Она повернулась к нему и подняла руки чарующим призывным движением; закрыв глаза, они обнялись, слившись в поцелуе, который дает странное и двойственное ощущение – блаженства и небытия.
Три часа провели они в непроницаемой тишине этого уединения, тело к телу, уста к устам, и душевное опьянение Андре Мариоля слилось наконец с опьянением плоти.
Перед разлукой они прошлись по саду и сели в одной из лиственных беседок, откуда их нельзя было видеть. Восторженный Андре говорил с нею благоговейно, как с кумиром, сошедшим ради него со священного пьедестала, а она его слушала, истомленная усталостью, отражение которой он часто замечал в ее взгляде после затянувшегося визита докучливых гостей. Она все же была приветлива, лицо ее освещалось нежной, несколько принужденной улыбкой, и, держа его руку, она сжимала ее долгим пожатием, скорее невольным, чем сознательным.
Она, по-видимому, не слушала того, что он ей говорил, потому что, прервав его в середине фразы, сказала:
– Решительно мне пора идти. В шесть часов я должна быть у маркизы де Братиан, и я уже сильно запаздываю.
Он бережно проводил ее до двери, которую отворил ей при входе. Они поцеловались, и, бросив на улицу беглый взгляд, она пошла, держась как можно ближе к стене.

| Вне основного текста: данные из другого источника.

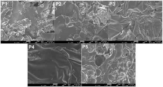 Figure 11, there are many pores in the carbon layer of P1, accompanied by a few cracks. P2 shows a fragmented carbon layer like P1, but basically has no holes and still has a certain degree of compactness. It may be related to its gas phase flame retardant mechanism. The carbon layer of P3 is much denser than that mentioned above, with very few cracks and sporadic holes in the field of view. This is closely related to its condensed phase flame retardant mechanism. In the field of view of P4, there are basically no holes and cracks, and the surface of the carbon layer is smooth and flat, which is consistent with the results of its flame-retardant properties. The carbon layer of P5 has a few holes, but basically no cracks.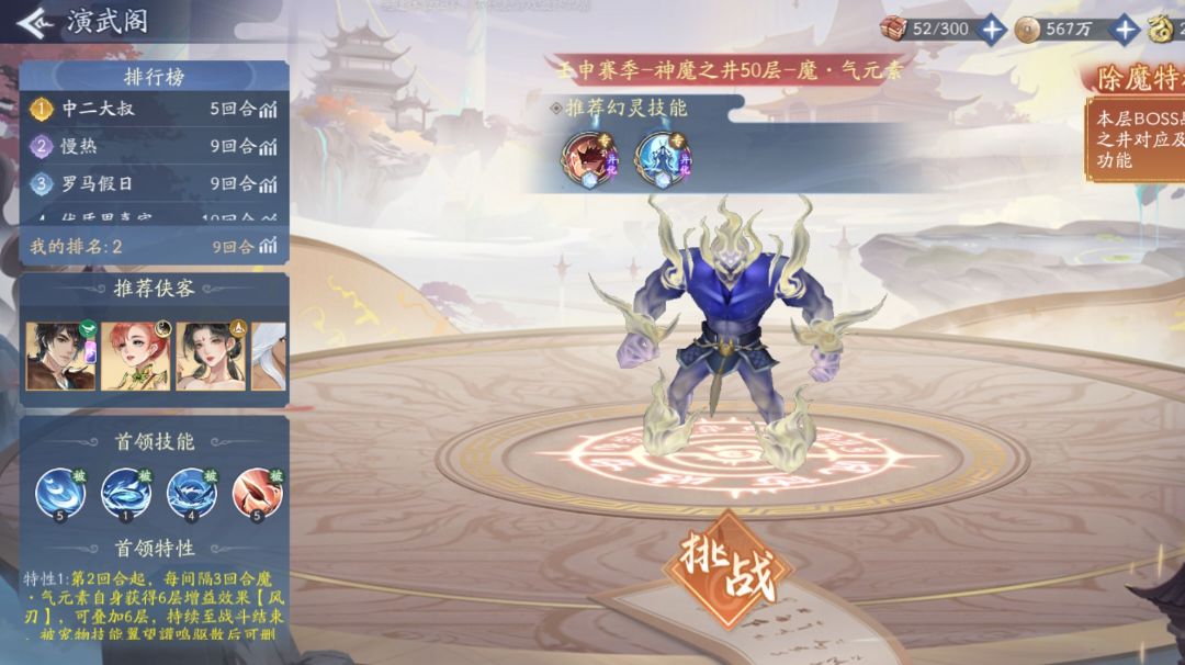 大家好,我是可耐,想低配通关1003的宝宝们跟紧我啦 一、 boss技能介绍 魔·蝶妖及魔·蜻蜓妖减伤提升200%,我方侠客对其附加眩晕效果时,增伤提升50%,可叠加6次,持续至战斗结束,敌方侠客攻击最高侠客首次获得水灵亲和时额外获得攻击及暴伤提升10%,且怒攻附加眩晕时额外提升10%,最多提升至70%,持续至战斗结束 魔·蝶妖及魔·蜻蜓妖免疫控制效果以外的负面状态,行动前解除控制,无法被镇压

Как только он остался один, как только почувствовал внезапную пустоту, которую оставляет в нас женщина, исчезая после объятий, и странную царапину в сердце, наносимую удаляющимися шагами, ему показалось, что он покинут и одинок, словно он ничего не сохранил от нее. И он стал шагать по песчаным дорожкам, размышлял о вечном противоречии между надеждой и действительностью.
Он пробыл здесь до темноты, постепенно успокаиваясь и отдаваясь ей издали с большим самозабвением, нежели отдавалась она, когда была в его объятиях; потом вернулся домой, пообедал, не замечая того, что ест, и сел ей писать.
Следующий день показался ему долгим, вечер – нескончаемым. Он снова написал ей. Как это она не ответила ему, ничего не велела передать? На второй день, утром, он получил краткую телеграмму, назначавшую свидание на завтра, в тот же час. Этот клочок голубой бумаги сразу излечил его от недуга ожидания, который уже начинал его терзать.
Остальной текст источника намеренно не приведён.